Volcanoes are surface manifestation of internal activity of planets and satellites. In planetary explorations the primarily available data source would be the surface images so that the volcanoes identified on the surface are unique window into the interior. This argument is particularly significant in icy bodies of the outer solar system because exploration data are so limited except for the surface images. Up to now several types of surface morphology have been considered as a product of cryovolcanism. In this presentation I will focus on the general aspects of the cryovolcanism in comparison to the silicate volcanism and would like to emphasize the significant role of hydrate phase in cryovolcanism.

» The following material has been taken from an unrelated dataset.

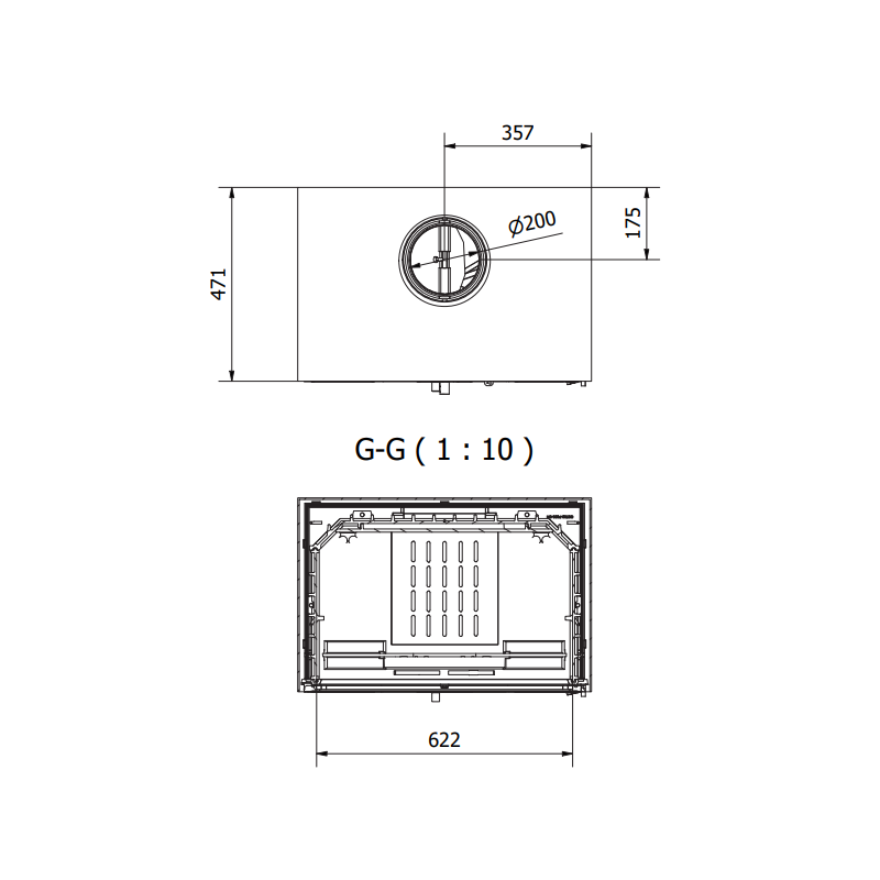 - Com uma caixa de fogo de ferro fundido e porta, dois ventiladores, um interruptor de luz, e um termostato

Similarities and dissimilarities between cryovolcanism and silicate volcanism:There exist a lot of similarities between ice and silicate minerals such as the rheological properties and the melting relationship. The depression of the melting point in the existence of accessary components in both systems should play an important role in promoting differentiation. The critical difference is the pressure dependence of the melting temperature and the density contrast between liquid and solid phase. Since water magma is not buoyant in the icy lithosphere this density reversal requires special mechanism for driving water magma to the surface. This situation is, however similar to the continental basalt volcanism. In the icy satellites the stress field in the outer lithosphere plays an important role. Both exogenetic origin such as tidal forcing and endogenous origin such as thermal stress and volume change driven by phase change would be

Significant role of hydrate phase in cryovolcanism: Hydrate is a common phase in the multicomponent system including H2O. It is stable at higher pressure so that it should be an important constituent phase while it decomposes near surface. This may result in explosive behavior because the decomposition is associated with generation of gas phase. Although a lot of combination of the components form various hydrate phases, there exist two planetologically significant end-members, CO2 hydrate and CH4 hydrate. These two have contrasting nature in terms of the density, which would cause different evolution path in the material differentiation.